===== Extracted data =====

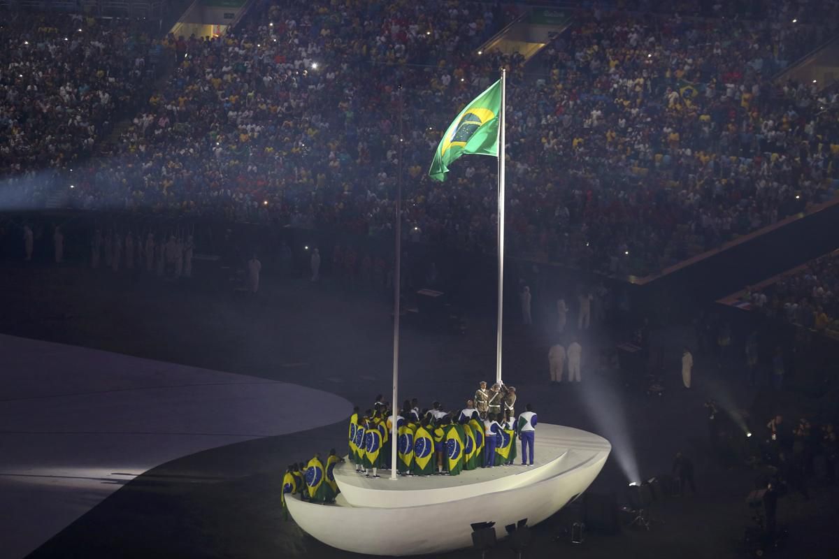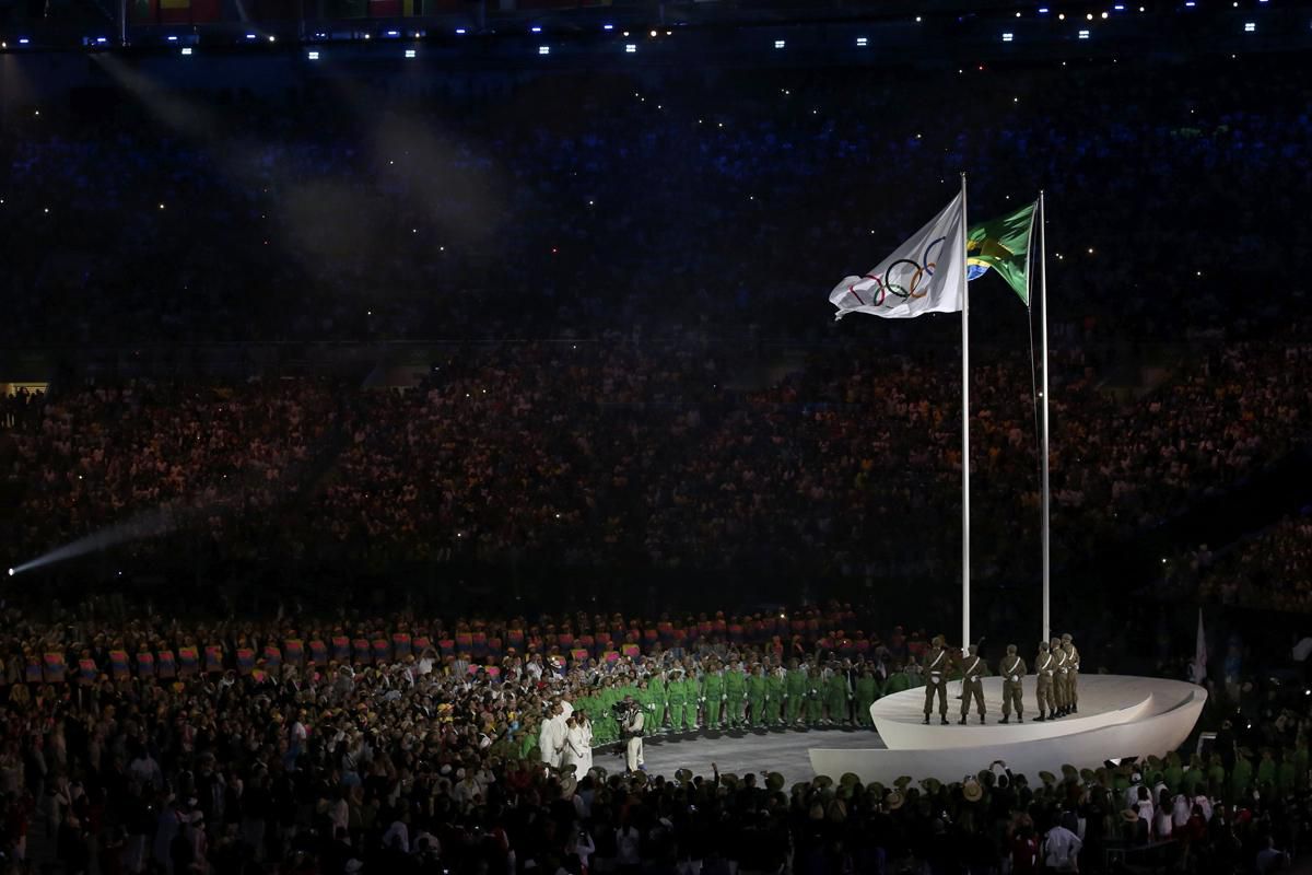 Pri nástupe športovcov každý z nich priamo na ploche do špeciálnych stojanov zasadil nový strom. Presne 11.000 sadeníc rôznych druhov stromov za všetkých aktívnych účastníkov OH sa potom v stojanoch symbolicky premenilo na olympijské kruhy v zelenej farbe. Pred fanúšikov a športovcov vzápätí predstúpili prezident MOV Thomas Bach a šéf organizačného výboru Carlos Arthur Nuzman.
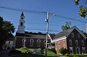 The First Free Will Baptist Church (also known Miss Perkins' High School and Holderness Academy) are a historic Free Will Baptist Church complex in Ashland, New Hampshire. The complex consists of three buildings: the brick church building, which was built in 1834; the old vestry, a brick building standing near the street which was built c. 1835 as a school and converted to a vestry in 1878; and the new vestry, a wooden structure added in 1899 to join the two brick buildings together. The church, a fine vernacular Federal style building when it was built, had its interior extensively restyled in the late 19th and early 20th centuries.[2] The complex was listed on the National Register of Historic Places in 1983,[1] primarily as a good example of modest Victorian church architecture. It now houses the Ashland Community Church.
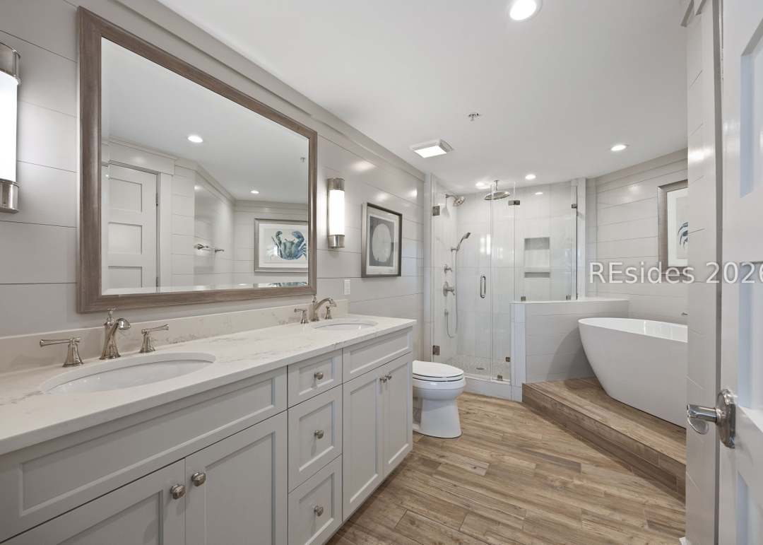 This sophisticated primary bathroom exemplifies contemporary luxury with a spa-like atmosphere, featuring a sleek marble-topped double vanity, a freestanding soaking tub, and a spacious frameless walk-in shower. The neutral palette of whites, creams, and warm wood flooring combined with crisp subway tile and chrome fixtures creates an airy, serene retreat with professional-grade finishes and thoughtful spatial planning.
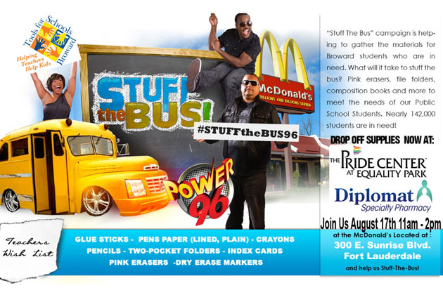 “Stuff The Bus” campaign is helping gather the materials for Broward students who are in need. What will it take to stuff the bus? Pink erasers, file folders, composition books and more to meet the Public School Students. Nearly 142,000 students are in need! Drop of your supplies at The Pride Center or at Diplomat Specialty Pharmacy.
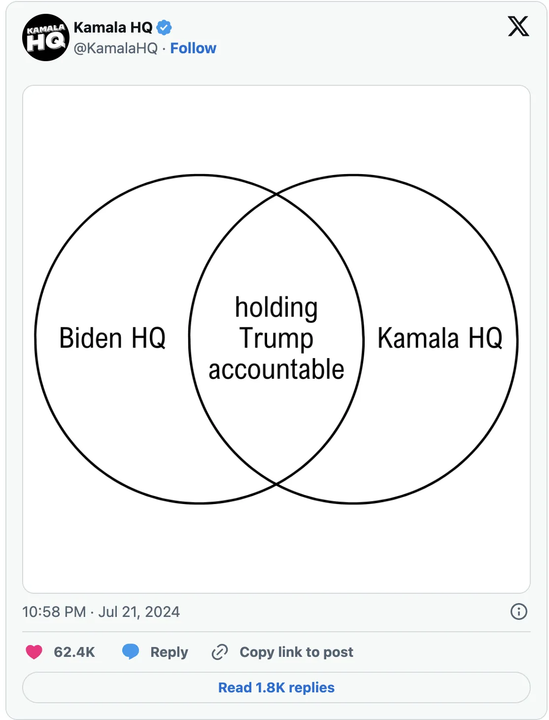 Walz对地图的欣赏与副总统哈里斯常提到的对维恩图的热爱相结合,形成了历史上最注重数据可视化的竞选组合之一。在拜登总统宣布放弃连任竞选的那天,哈里斯宣布她将参选,哈里斯竞选团队在X上发布了一张维恩图,传达了候选人的核心信息之一。

=====

### [Exercise description]
Without the pictures, restate all the entries above exactly.

### [Problem solution]
 Pri nástupe športovcov každý z nich priamo na ploche do špeciálnych stojanov zasadil nový strom. Presne 11.000 sadeníc rôznych druhov stromov za všetkých aktívnych účastníkov OH sa potom v stojanoch symbolicky premenilo na olympijské kruhy v zelenej farbe. Pred fanúšikov a športovcov vzápätí predstúpili prezident MOV Thomas Bach a šéf organizačného výboru Carlos Arthur Nuzman.
 The First Free Will Baptist Church (also known Miss Perkins' High School and Holderness Academy) are a historic Free Will Baptist Church complex in Ashland, New Hampshire. The complex consists of three buildings: the brick church building, which was built in 1834; the old vestry, a brick building standing near the street which was built c. 1835 as a school and converted to a vestry in 1878; and the new vestry, a wooden structure added in 1899 to join the two brick buildings together. The church, a fine vernacular Federal style building when it was built, had its interior extensively restyled in the late 19th and early 20th centuries.[2] The complex was listed on the National Register of Historic Places in 1983,[1] primarily as a good example of modest Victorian church architecture. It now houses the Ashland Community Church.
 This sophisticated primary bathroom exemplifies contemporary luxury with a spa-like atmosphere, featuring a sleek marble-topped double vanity, a freestanding soaking tub, and a spacious frameless walk-in shower. The neutral palette of whites, creams, and warm wood flooring combined with crisp subway tile and chrome fixtures creates an airy, serene retreat with professional-grade finishes and thoughtful spatial planning.
 “Stuff The Bus” campaign is helping gather the materials for Broward students who are in need. What will it take to stuff the bus? Pink erasers, file folders, composition books and more to meet the Public School Students. Nearly 142,000 students are in need! Drop of your supplies at The Pride Center or at Diplomat Specialty Pharmacy.
 Walz对地图的欣赏与副总统哈里斯常提到的对维恩图的热爱相结合,形成了历史上最注重数据可视化的竞选组合之一。在拜登总统宣布放弃连任竞选的那天,哈里斯宣布她将参选,哈里斯竞选团队在X上发布了一张维恩图,传达了候选人的核心信息之一。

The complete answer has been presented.